## Data to examine
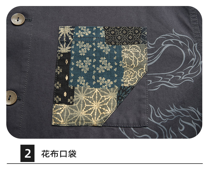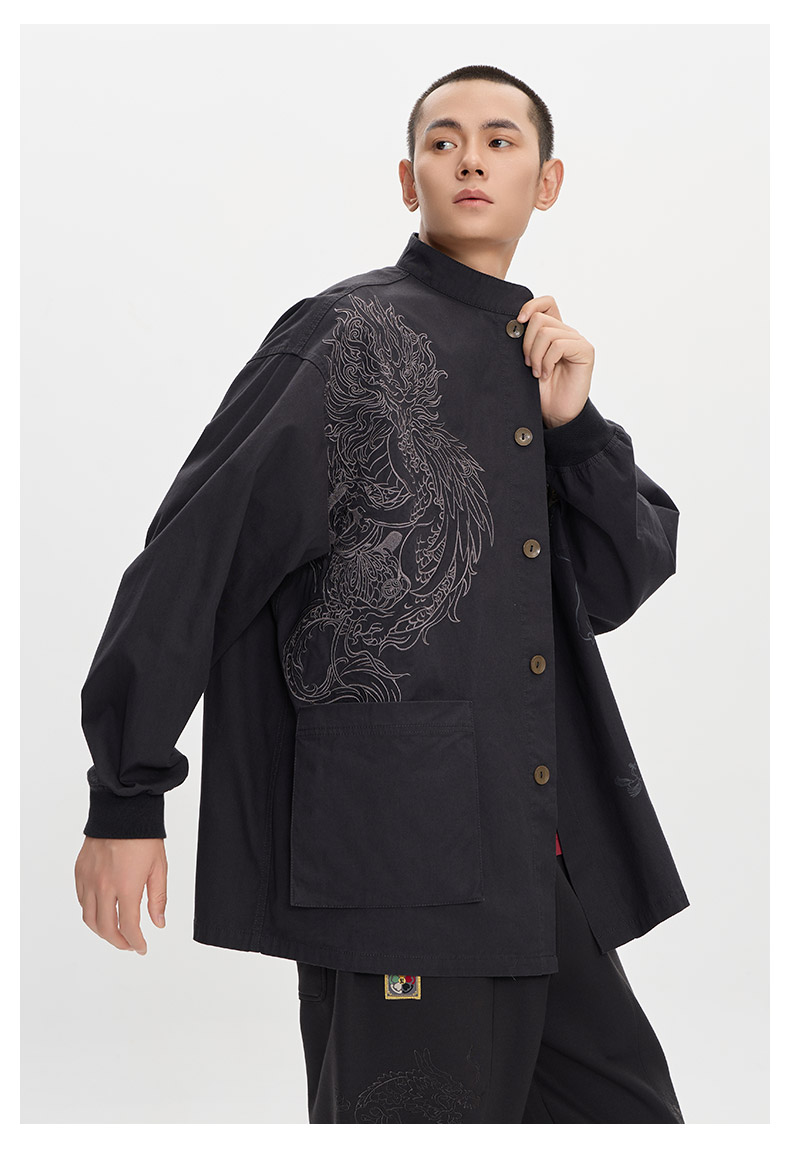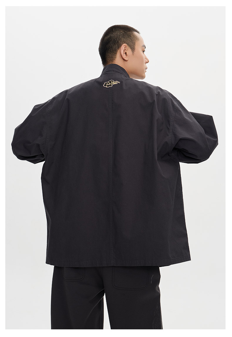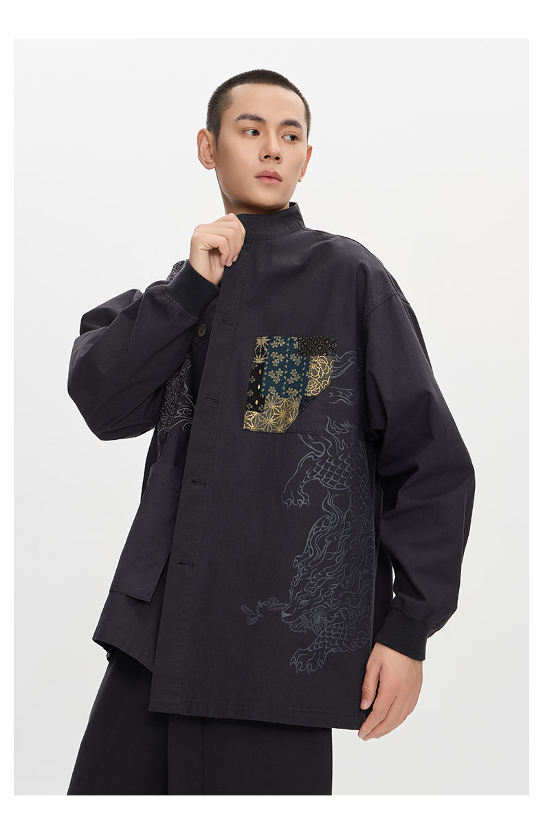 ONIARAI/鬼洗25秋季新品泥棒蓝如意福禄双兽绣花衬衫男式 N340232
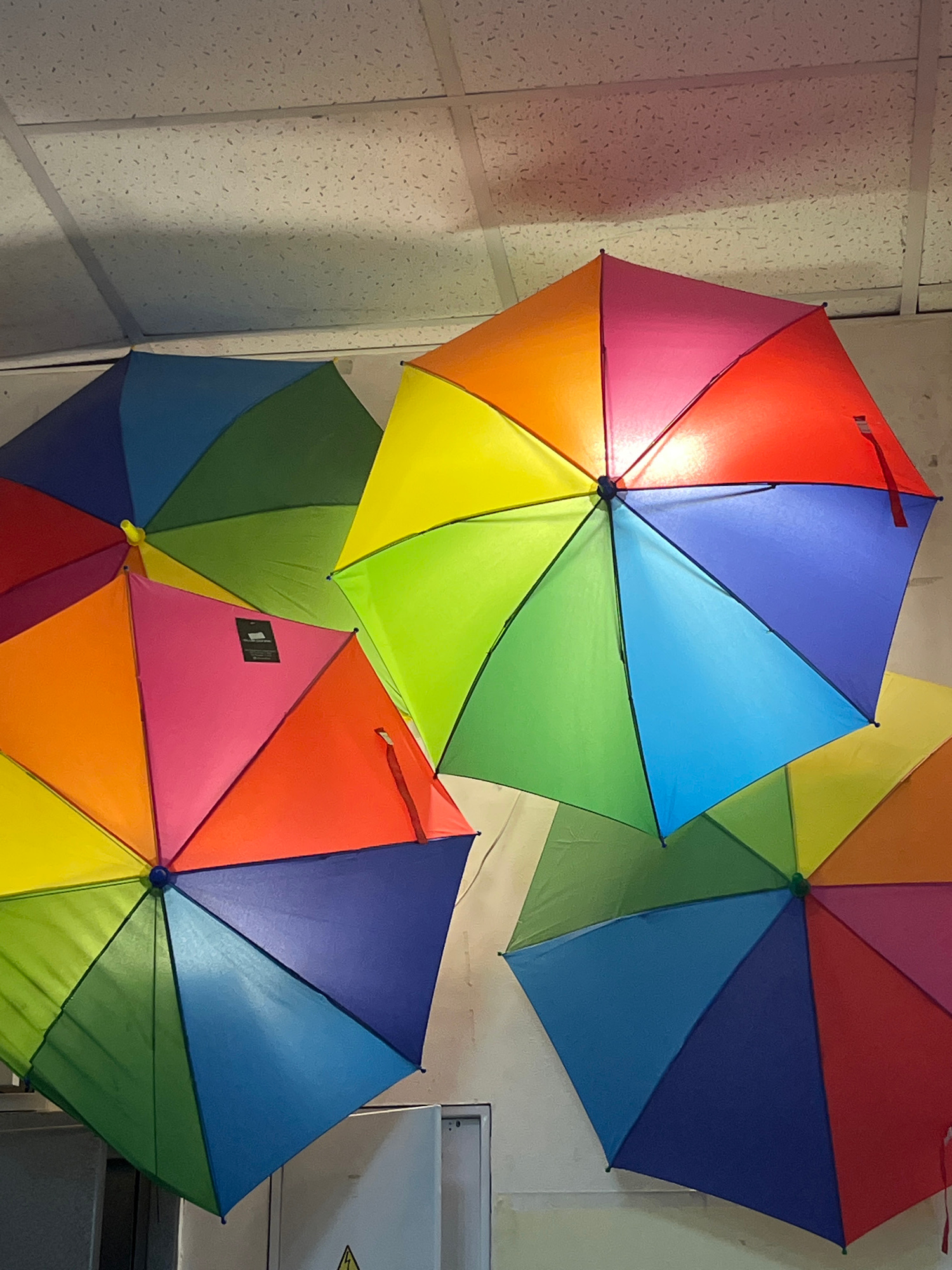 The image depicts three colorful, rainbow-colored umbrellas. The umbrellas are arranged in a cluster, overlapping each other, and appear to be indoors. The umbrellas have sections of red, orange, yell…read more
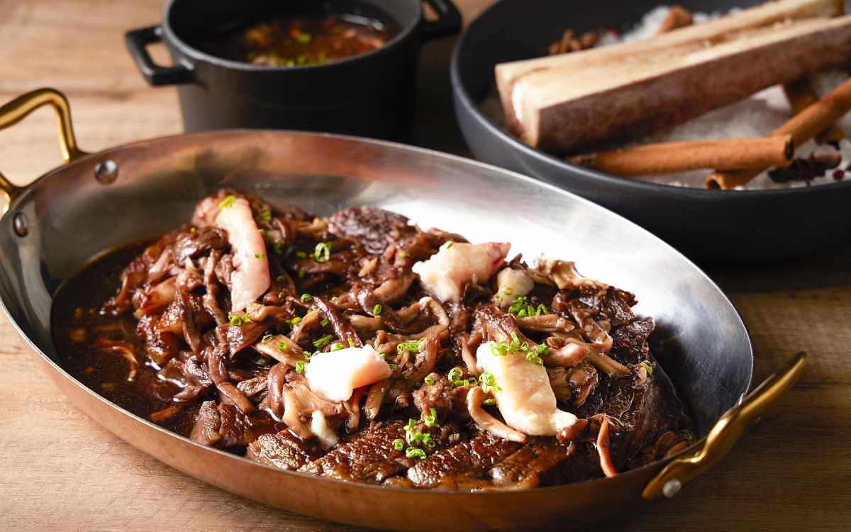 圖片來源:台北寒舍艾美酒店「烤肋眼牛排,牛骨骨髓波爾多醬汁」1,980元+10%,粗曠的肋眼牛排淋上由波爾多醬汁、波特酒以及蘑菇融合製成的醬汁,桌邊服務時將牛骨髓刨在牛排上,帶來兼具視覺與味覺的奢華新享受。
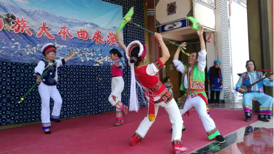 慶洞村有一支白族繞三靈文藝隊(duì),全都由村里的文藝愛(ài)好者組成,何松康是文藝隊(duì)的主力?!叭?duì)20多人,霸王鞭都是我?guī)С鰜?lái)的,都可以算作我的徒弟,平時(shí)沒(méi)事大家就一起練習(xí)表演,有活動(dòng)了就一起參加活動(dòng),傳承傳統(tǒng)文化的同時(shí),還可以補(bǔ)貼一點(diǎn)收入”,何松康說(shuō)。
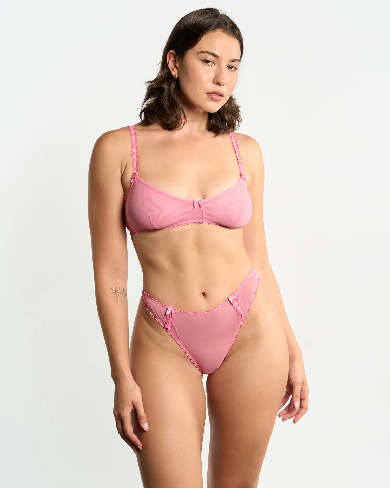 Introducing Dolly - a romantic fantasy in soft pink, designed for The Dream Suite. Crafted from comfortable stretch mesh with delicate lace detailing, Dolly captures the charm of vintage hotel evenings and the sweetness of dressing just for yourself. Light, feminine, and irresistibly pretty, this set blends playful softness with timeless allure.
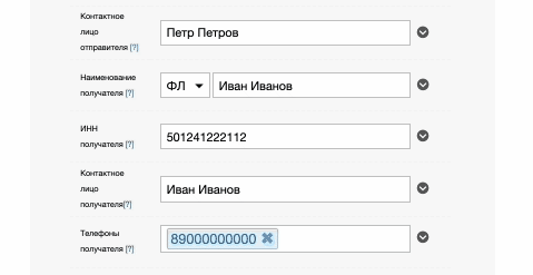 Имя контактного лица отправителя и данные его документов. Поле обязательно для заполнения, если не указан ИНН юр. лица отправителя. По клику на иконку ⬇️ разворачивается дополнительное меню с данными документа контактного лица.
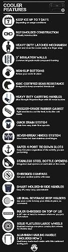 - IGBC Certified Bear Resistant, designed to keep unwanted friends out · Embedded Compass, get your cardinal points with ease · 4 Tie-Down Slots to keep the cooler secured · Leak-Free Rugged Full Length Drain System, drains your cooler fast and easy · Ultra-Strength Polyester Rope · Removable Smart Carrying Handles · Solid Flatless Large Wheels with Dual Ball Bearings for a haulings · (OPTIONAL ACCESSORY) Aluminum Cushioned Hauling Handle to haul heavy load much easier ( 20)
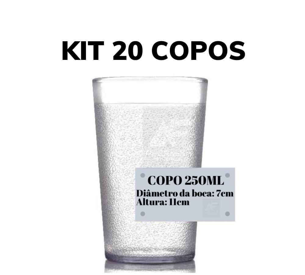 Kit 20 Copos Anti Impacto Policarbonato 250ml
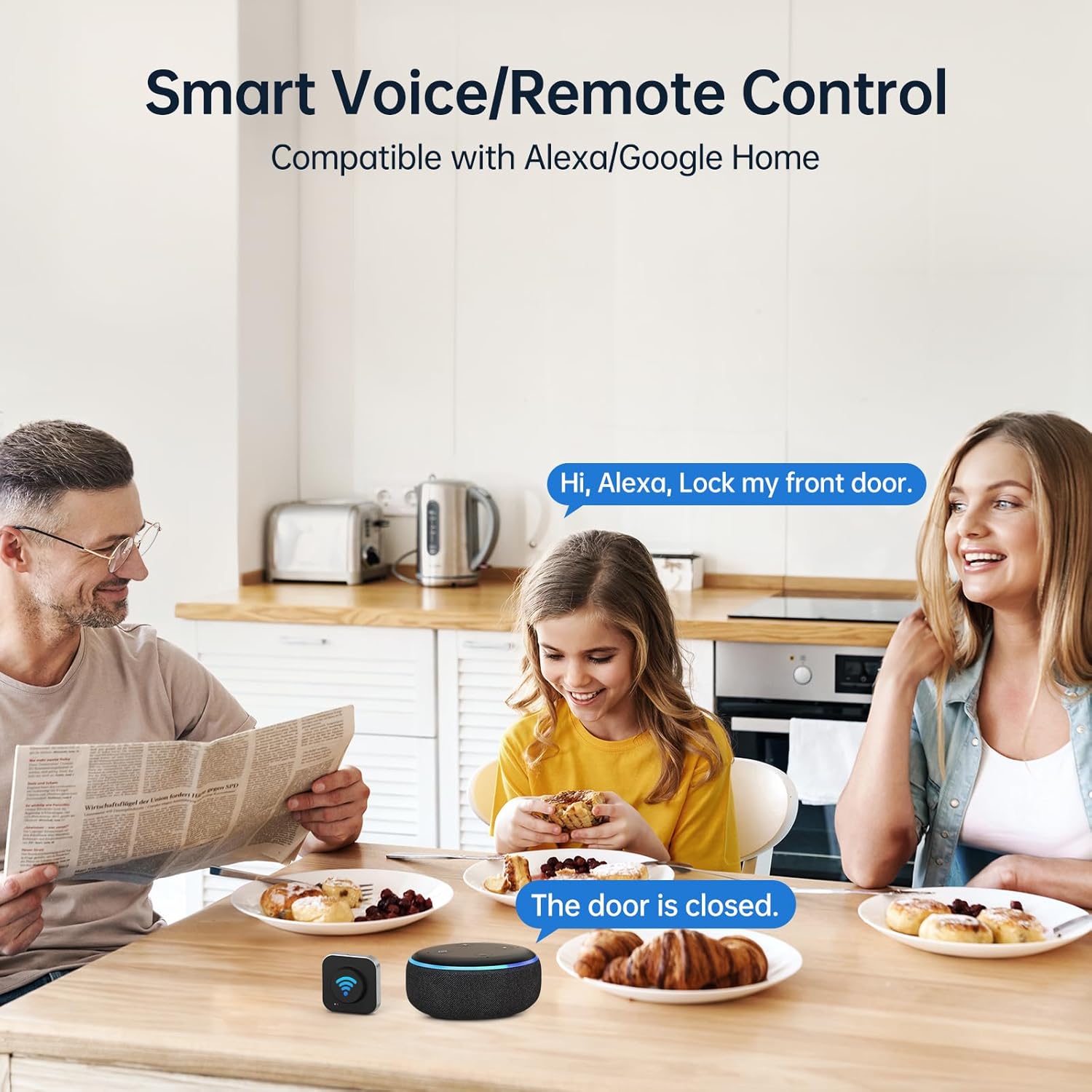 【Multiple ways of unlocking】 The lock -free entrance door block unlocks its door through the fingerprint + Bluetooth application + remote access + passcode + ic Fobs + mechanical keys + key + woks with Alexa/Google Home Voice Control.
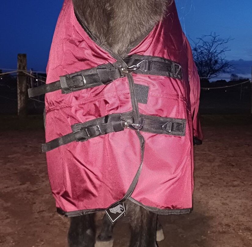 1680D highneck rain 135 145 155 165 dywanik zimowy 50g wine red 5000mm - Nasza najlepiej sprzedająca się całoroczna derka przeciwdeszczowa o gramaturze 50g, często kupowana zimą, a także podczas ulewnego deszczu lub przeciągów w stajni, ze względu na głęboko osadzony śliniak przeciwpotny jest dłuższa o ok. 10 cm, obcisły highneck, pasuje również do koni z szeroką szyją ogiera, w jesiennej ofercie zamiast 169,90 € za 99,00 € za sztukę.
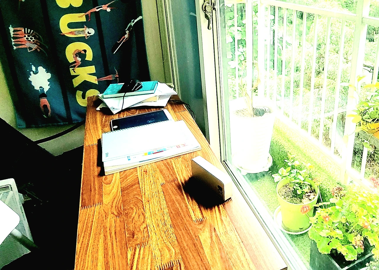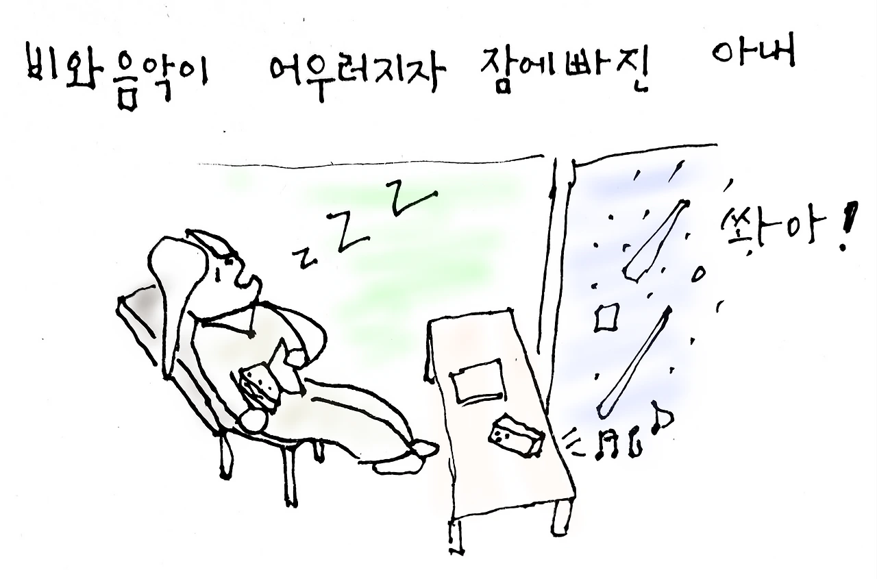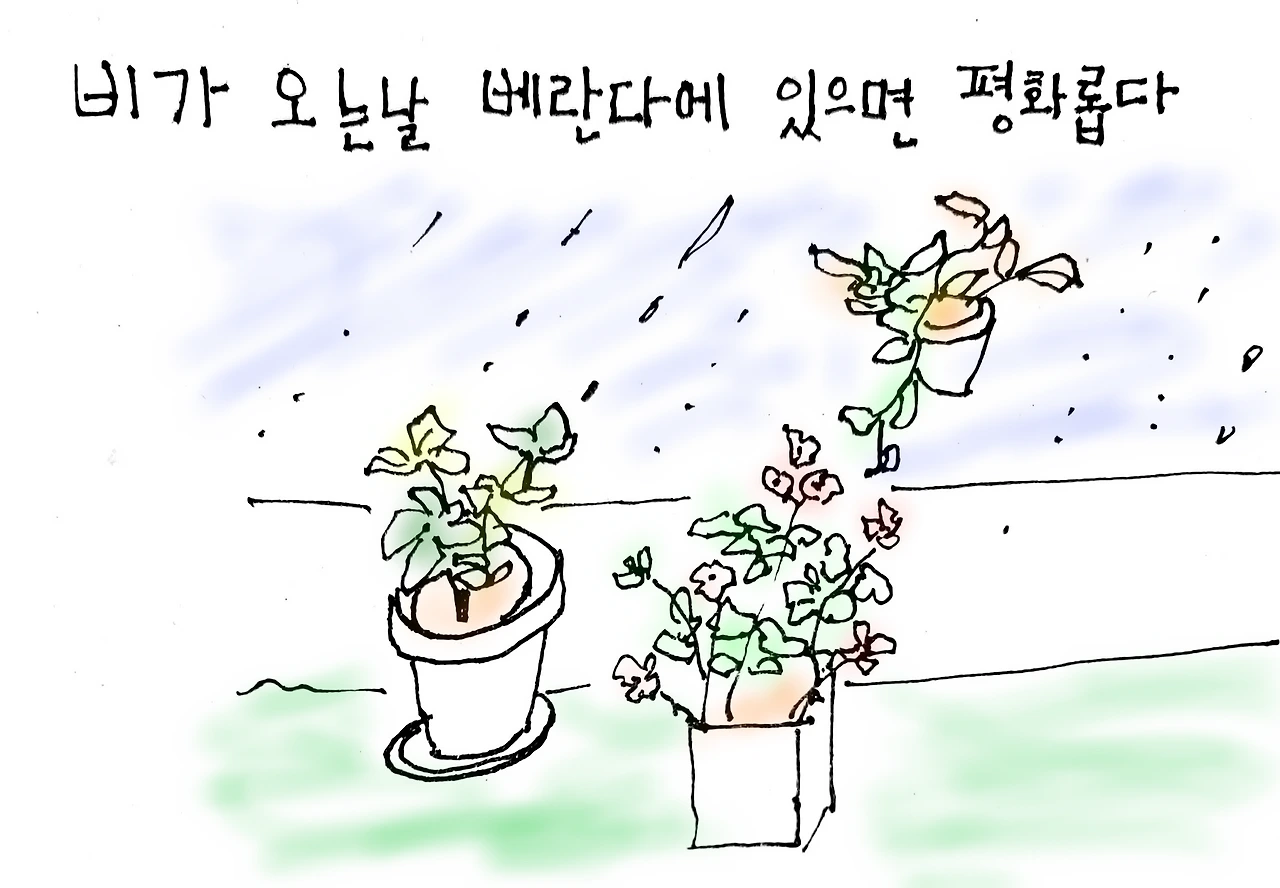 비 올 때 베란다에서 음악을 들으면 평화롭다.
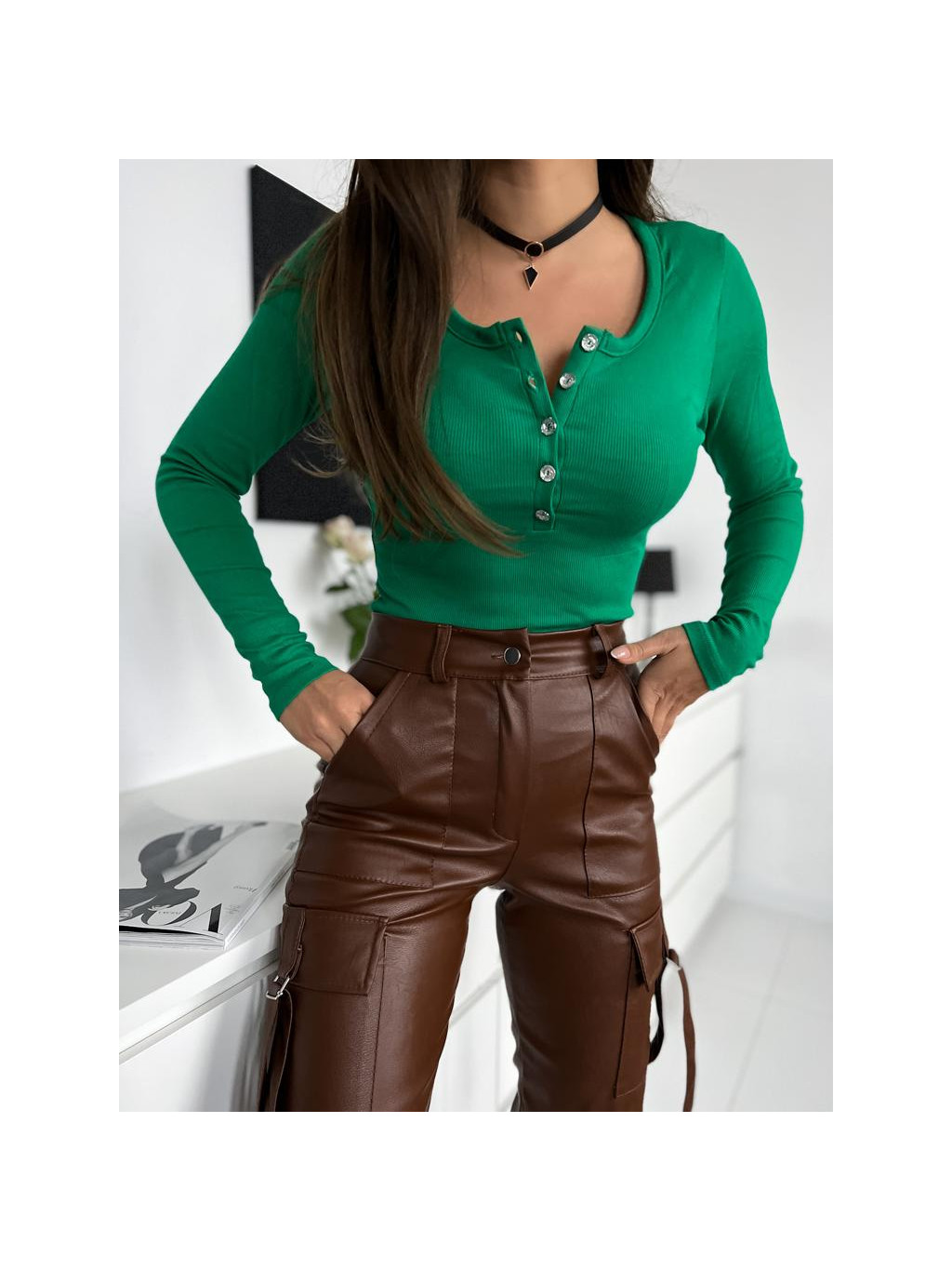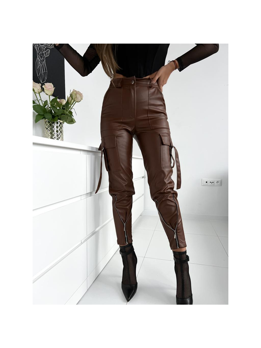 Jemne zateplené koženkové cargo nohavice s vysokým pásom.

## Exercise details
Extract the lines exactly, please: the first line of the listing, the line with "圖片來源:台北寒舍艾美酒店「", and every line between them, but no pictures.

## Solution to this problem
 ONIARAI/鬼洗25秋季新品泥棒蓝如意福禄双兽绣花衬衫男式 N340232
 The image depicts three colorful, rainbow-colored umbrellas. The umbrellas are arranged in a cluster, overlapping each other, and appear to be indoors. The umbrellas have sections of red, orange, yell…read more
 圖片來源:台北寒舍艾美酒店「烤肋眼牛排,牛骨骨髓波爾多醬汁」1,980元+10%,粗曠的肋眼牛排淋上由波爾多醬汁、波特酒以及蘑菇融合製成的醬汁,桌邊服務時將牛骨髓刨在牛排上,帶來兼具視覺與味覺的奢華新享受。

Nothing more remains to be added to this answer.